In the same way, the scene from 'Verurteilung und Hinrichtung einers Zauberers' where the so-called "wizard" is present at a witches' Sabbath, was reused for 'Hexenprozess in Augsburg'. But since the first story is about a wizard and the second about a witch, Wellhöfer had to change a few things. Rather than redesign the characters, he simply altered the descriptions. In the original image, the wizard is seated at a table, where he witnesses the Devil caressing a woman. In the reused image, the woman is now reinterpreted as the "witch" Anna, caressed by the Devil, while the former wizard is recast as her poisoned victim.
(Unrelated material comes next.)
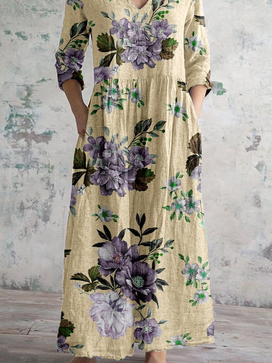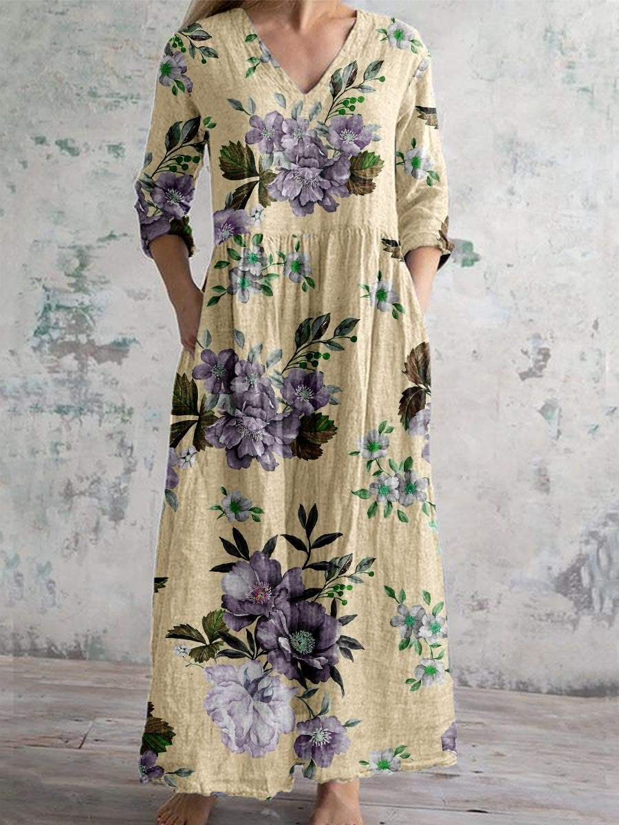 Women's Elegant Rose Floral Pattern V-Neck Cotton and Linen Dress with Pockets

'Begräbnis des Kaisers Ferdinand III. in Wien' (1657).

In hindsight, it is understandable that Wellhöfer sometimes recycled imagery. Woodcutting is a time-consuming process. Since the real-life events depicted in his woodcuts were hot from the press, the drawings had to be released quickly, while people were still talking about them. To save time, he could easily reprint several panels. Most of the witchcraft reports followed the same pattern anyway. The general public had no clue what the real-life people looked like. His recurring characters are archetypes for a witch, judge, executioner or peasant. And since only one print would be in circulation for only a few months anyhow, barely anybody would notice his rehashing methods. All he had to do was alter the names and the descriptions. But it does prove why Wellhöfer's visual accounts cannot be trusted as actual eyewitness reports. In that sense, one can even make a further comparison with a modern-day comic strip, since he always reused the same characters, dressed in similar outfits.

'Begräbnis der Kaiserin Margarethe in Wien' (1673), recycling imagery from Ferdinand III's funeral.